February 26, 2009

A Small Woman

Some days, I wonder what is my real purpose here on this earth and if I am, in any measure, finding it and fulfilling it.

The movie is titled “The Inn of the Sixth Happiness” and the story is taken from a book called ‘The Small Woman’ about one Gladys Aylward. She never felt that the life she had led was worthy of special note or acclaim. To use a modern phrase a bit altered, “It was what it was” to Gladys Aylward.

She was remarkable in that she allowed no conventional barrier of place or station in English society of preventing her from following her heart to China as a missionary and an eventual temporal savior to around a hundred Chinese orphans who were cared for and shepherded to safety by her guidance.

Though she was interviewed about her time in China by a BBC correspondent who was digging deep for juicy details, Gladys felt there really wasn’t anything of note to offer. In her own humble words, Gladys told Alan Burgess, the reporter, “I doubt people who listen to BBC would think I've done anything interesting.”

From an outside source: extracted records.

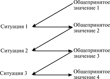 На этом месте история Zernatto заканчивается, а мы можем остановиться, чтобы вглядеться в нее попристальней. В некотором отношении история слова «нация» позволяет предвосхитить схему анализа, по большей части используемую в данной книге. Последовательные изменения в значении складываются в модель, которую можно, из формальных соображений, назвать «зигзагообразной моделью семантического изменения». На каждой стадии своего развития значение слова, которое приходит с определенным семантическим багажом, возникает из использования слова в конкретной ситуации. Уже имеющееся общепринятое понятие применяется в новых обстоятельствах к тем аспектам ситуации, с которыми это понятие соотносится. Однако отсутствовавшие ранее аспекты новой ситуации начинают с этим понятием ассоциироваться; в результате возникает двойственность значения понятия. Изначальное значение постепенно уходит в тень, и общепринятым становится новое значение. Когда слово опять используется в новой ситуации, оно, скорее всего, используется в этом новом значении, и так далее. (Эта модель показана на рис. 1).
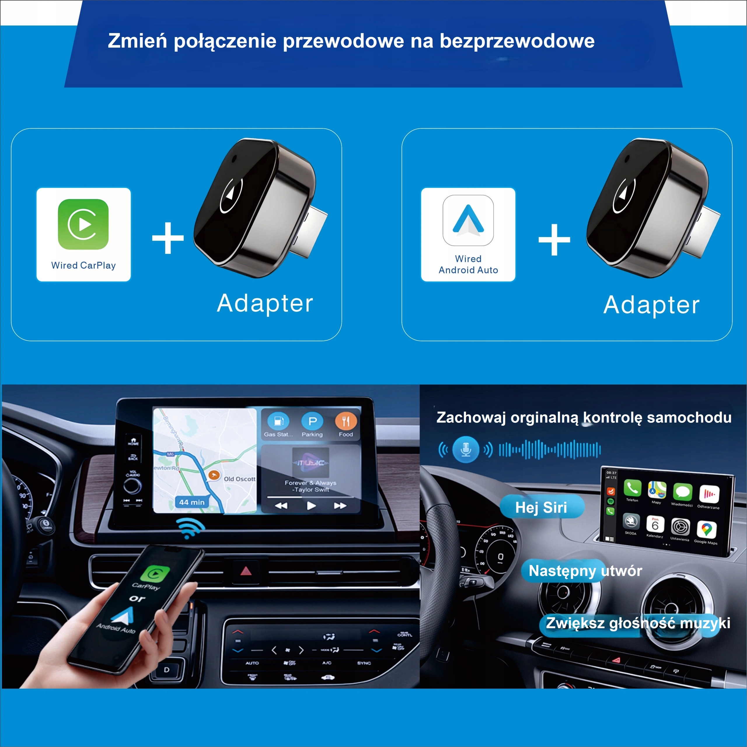 - ✅ Універсальна сумісність - працює з більшістю автомобілів, оснащених дротовим CarPlay і Android Auto
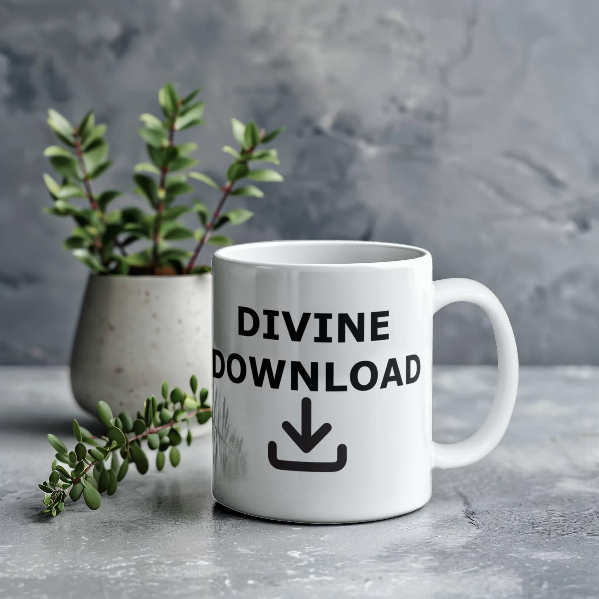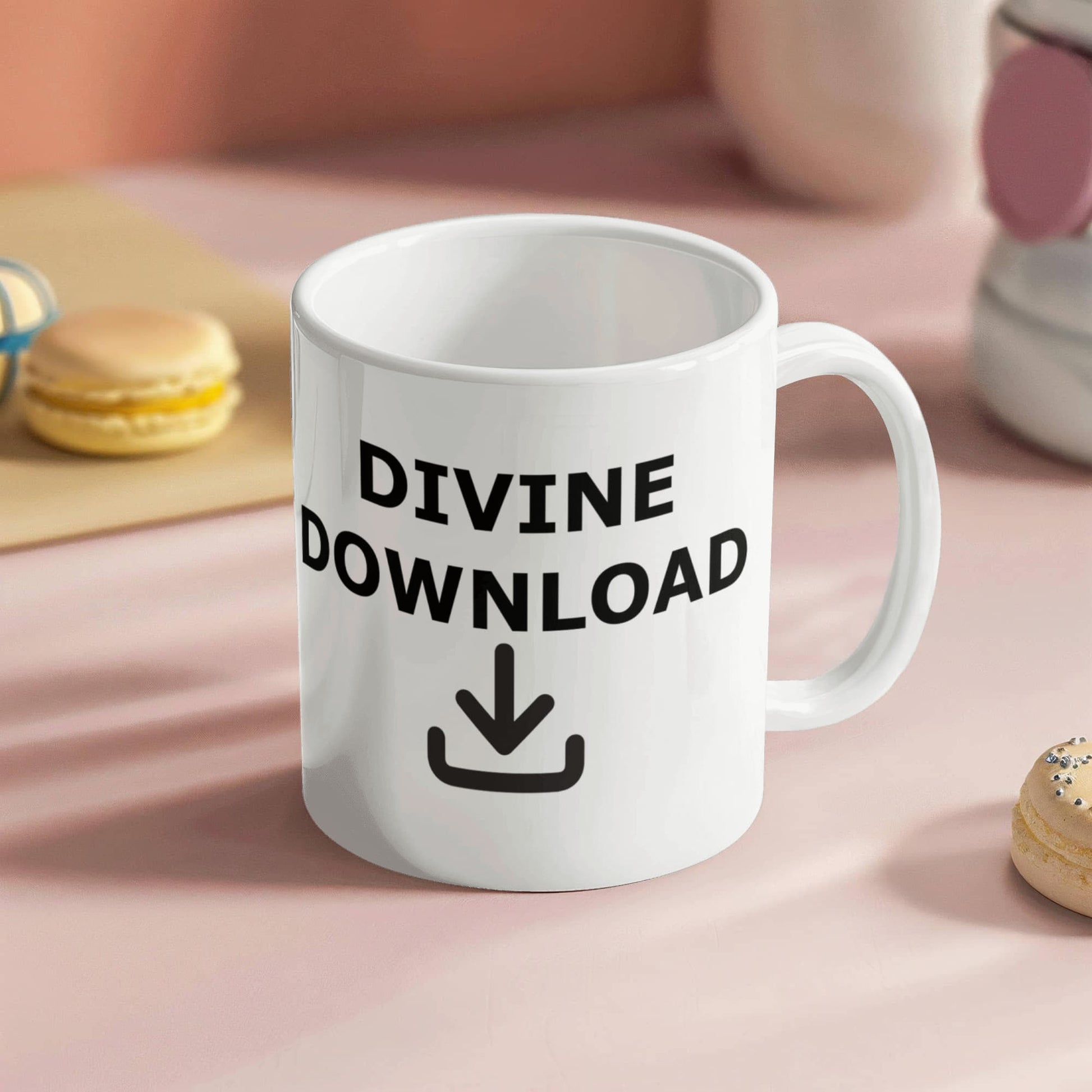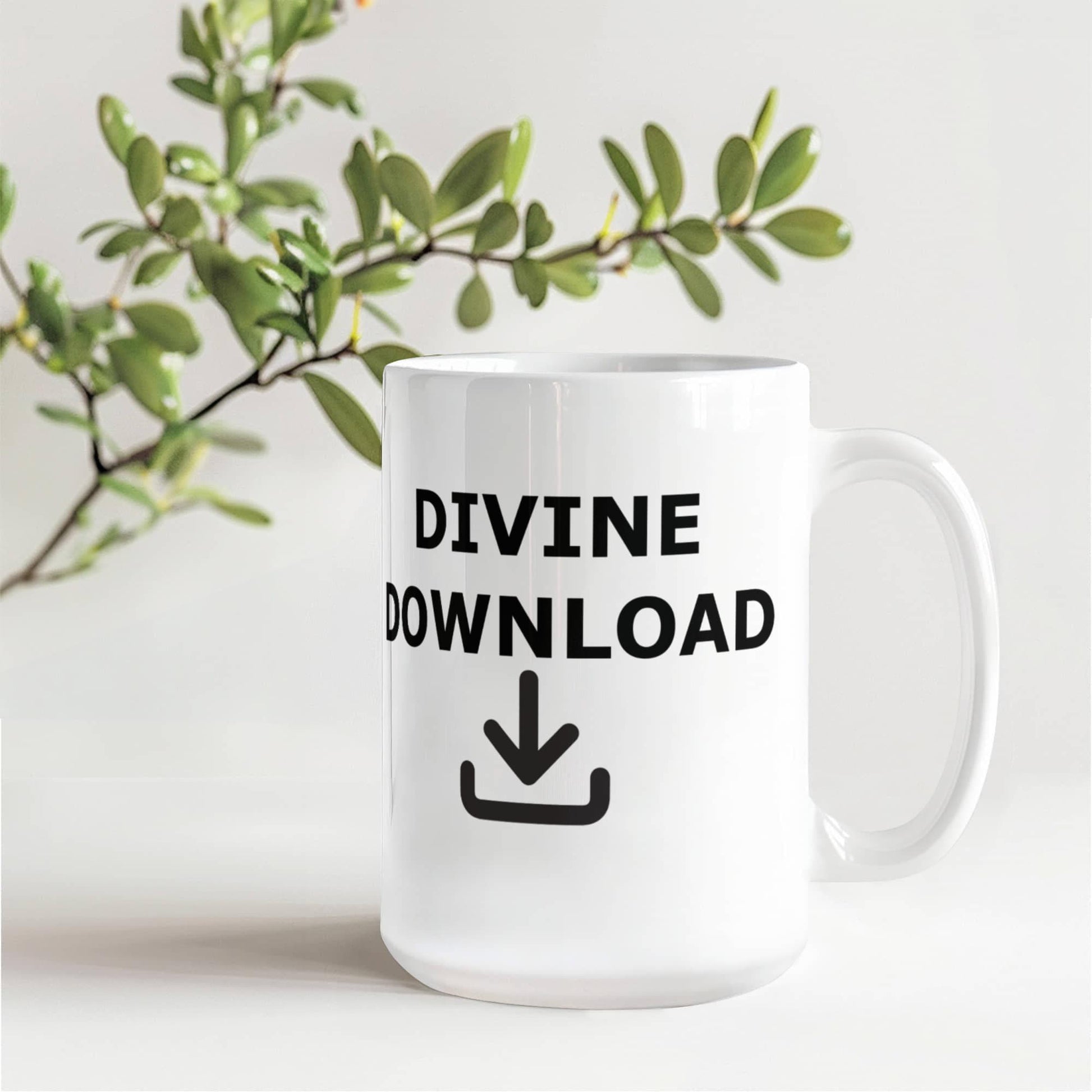 Divine Download - White Ceramic Mug 11oz. & 15oz. - Gift for Her - Gift for Him

As she reluctantly shared her experiences, Burgess sat amazed at all that this ‘small woman’ had indeed accomplished as part of her missionary opportunities among the Chinese people. The account is as follows: Alan Burgess, who was producing a series on war heroes for the BBC radio, visited her in the hope a missionary could tell him about heroes she had heard about in China. Well, no, she said in her rusty English. She didn't actually know any heroes. "What about yourself?" he asked the little woman half-heartedly. "Did you have a scrape or two?" "I doubt people who listen to BBC would think I've done anything interesting." "Didn't you even come into contact with the Japanese invaders?" he pressed. "Yes," she answered cryptically. It wouldn't be very forgiving if she told Alan Burgess the Japanese had shot her down in a field outside Tsechow. Bombed her too. In Yangcheng. Strafed her near Lingchuang too. Smashed her on the noggin once with a rifle butt too. Finally put a price on her head: dead or alive. "Some Japanese are very nice, you know," she volunteered. "Apparently your life in China was rather sheltered," he grunted dryly. Gladys had to offer the poor man something. "I did take some children to an orphanage near Sian." "You don't say?" he grumbled, not hiding disappointment. "Kids? To an orphanage?" "Yes, we had to cross some mountains." Burgess perked up. "Real mountains?" "Yes, I believe you would call them real mountains. The journey was made more difficult because we couldn't walk on the main trails. Oh, and then we had to get across the Yellow River too." "Isn't that the notorious river that drowns so many it's called 'China's Sorrow'?" Burgess was more and more aghast as Gladys detailed her trek. His voice choked. "You ran out of food? You had no money? Just you and 100 kids - many of whom were toddlers - trekked for one month across mountains, across the Yellow River, ducking Japanese patrols and dive-bombers? And at Sian you were diagnosed with typhus and pneumonia and malnutrition? Yes, Miss Aylward, I think people who listen to BBC would think you've done something interesting…" [Source: The Small Woman by Alan Burgess, 1957, revised addition, 1969].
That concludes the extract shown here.